Но меня волновали не они. Я шел к болотам, где обязательно должны были быть токовища.
— Не сегодня-завтра появятся наброды, — надеялась какая-то оптимистическая часть меня, но голова вполне рассудочно и негативно реагировала на появление любой мысли, возникающей вне ее: — Да неоткуда им взяться, повыбили давно всех тетеревов!
Март, нигде не задерживаясь, двигался к апрелю, а я находил лишь бесконечные теперь следы зайцев и лис, которых всю зиму почти не было.
Каждый день я возвращался домой ни с чем итак к этому привык, что постепенно неудачи перестали приводить меня в отчаяние. Заметив это, и брат перестал интересоваться, куда и зачем я хожу.

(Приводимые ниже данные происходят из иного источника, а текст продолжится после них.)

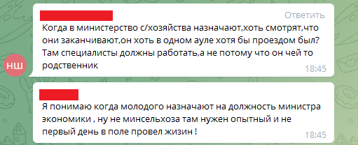 Недовольство пользователей в комментариях, в частности, сводилось к тому, что назначать молодого, неопытного кадровика на одну из руководящих должностей в сельскохозяйственной отрасли, с которой в Казахстане ежегодные проблемы – это не самое лучшее решение. Плюс к этому пошли рассуждения о том, мол, молодой человек «явно чей-то родственник» и прочее.
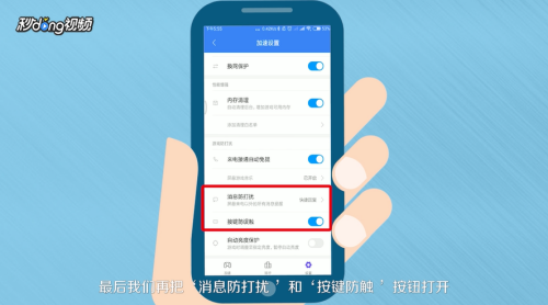 6最后再把“消息防打扰 ”和“按键防触”按钮打开,这样在玩游戏的时候可以屏蔽掉除来电以外的消息提醒,还可以防止在玩游戏的时候不小心按到其他按键返回到手机桌面 。
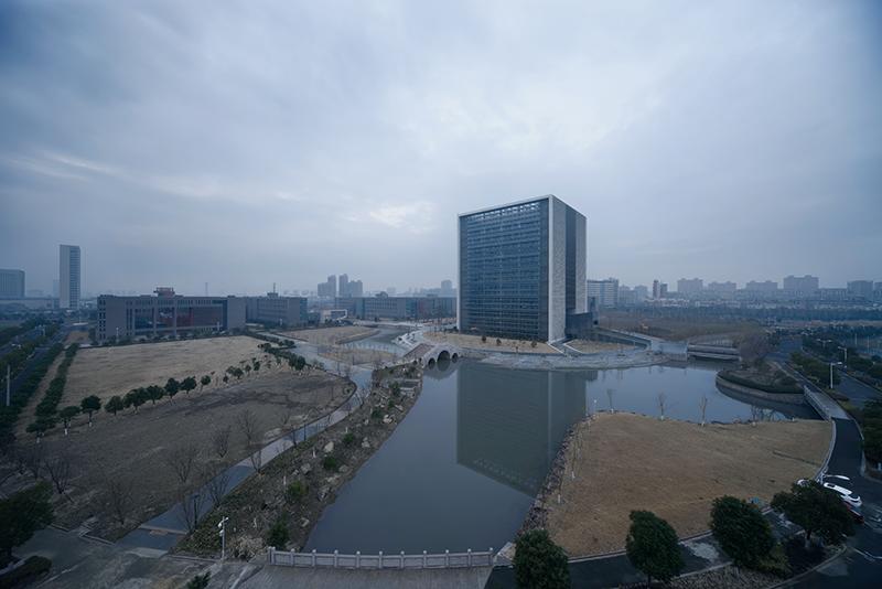 图书馆位于浙江学院的核心位置,设计将图书馆的体型定义为一个完整的立方体,以“独石”的姿态嵌固在圆形的微微隆起的场地中,只有西侧的主入口前厅以及东侧的室外草坡及小报告厅从独石中伸展出来。
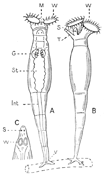 Many of the Rotifers have a pair of ruby-red eyes, and in some of them there is a minute crystalline lens overlying [Pg 171] the red sensitive spot, which receives the fibres of the optic nerve coming from the brain—one on each side. It is almost incredible that so minute a creature—often only the one-fiftieth of an inch long when full grown—should have a nervous system and special organs of touch (sensory hairs) as well as eyes, and on the other hand muscles running from one attachment to another and called into activity by nerves connected with this same central brain. The pair of branched tubes, which end internally in flickering "flame-cells" and open externally far back at the vent, are kidneys. Similar tubes called "nephridia" or little kidneys are found in many of the smaller animals; the earthworm has a pair in each ring of its body.
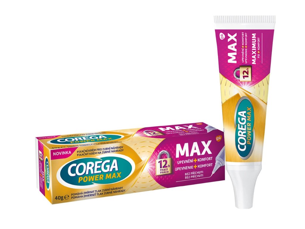 Corega Power-Max Fixation + Comfort este o cremă de fixare a protezelor dentare de 70 g, concepută pentru a asigura o fixare fermă și stabilă a protezelor mobile în timpul purtării. Crema creează o fixare puternică și de lungă durată , care ajută la prevenirea deplasării sau slăbirii protezei în timpul vorbirii și al meselor. Produsul este conceput pentru a umple golurile dintre proteză și gingii , ceea ce crește confortul la purtare și reduce riscul ca alimentele să ajungă sub proteză.

Удача ко всем приходит по-разному. Кому-то везет во всем и всегда. Одному моему знакомому все удается сразу, но ненадолго. Мне же приходится долго и утомительно добиваться ее, хотеть ее, желать ее, и, когда чувства и страсть остынут, придут в гармонию с разумом и опытом, удача дается мне покорно и обыденно — без салютов, без ударов грома из разверзшихся хлябей, без слепящих молний и фонтанов шампанского.
Токовище я нашел. Правда, случилось это летом.
В перелесках, на нашем высоком берегу можно пособирать землянику и клубнику, найти разных грибов, но за настоящими грибами, за брусникой и обожаемой нами черникой нужно плыть за Волгу. Самые серьезные черничники я встречал на Линде, где ягоду местные берут берестяным скребком и катают от листьев и хвои во дворах по желобам. Там, где собираем чернику мы, около Затона памяти Парижской Коммуны, ягодники не бог весть какие, зато до вечера можно всегда успеть вернуться домой.
То, что я увидел шалаш для охоты на тетеревов, как-то сразу мне стало понятно. Мы с братом ползали на коленках среди черничных кочек и рвали пальцами цвета спелой сливы некрупные круглые ягодки. Впрочем, не только руки, но и губы, и языки наши были щедро окроплены красящимся соком черники. Утомившись в конце концов однообразной процедурой, я оглянулся кругом, выискивая, где бы поудобнее устроиться отдохнуть, и нечаянно увидел лабаз. Это был странный лабаз — доски набиты на высоте чуть более метра от земли в развилке старых берез, причем одна из досок, довольно толстая, на полметра выше других. На досках лежал солидный слой веток и листьев, сыпавшихся с берез, как видно, не один год. Над помостом держались прибитые гвоздями к стволам желтые от времени и давно потерявшие кору еловые ветви, образующие как бы каркас шалаша. Я подошел и присел на доски. Они оказались достаточно прочными и даже нисколько не прогнулись.
Березы стояли на самом краю поляны, образующей как бы бухточку на краю широкого поля. Через лес к поляне вела просека, заросшая дудником и камнеломкой, и только старая, еле заметная в траве колея позволяла догадаться, что некогда ею пользовались, как дорогой.
— Не уток же они тут, посреди леса, поджидали, — уговаривал я сам себя, оглядывая поляну, густо поросшую жесткой травой.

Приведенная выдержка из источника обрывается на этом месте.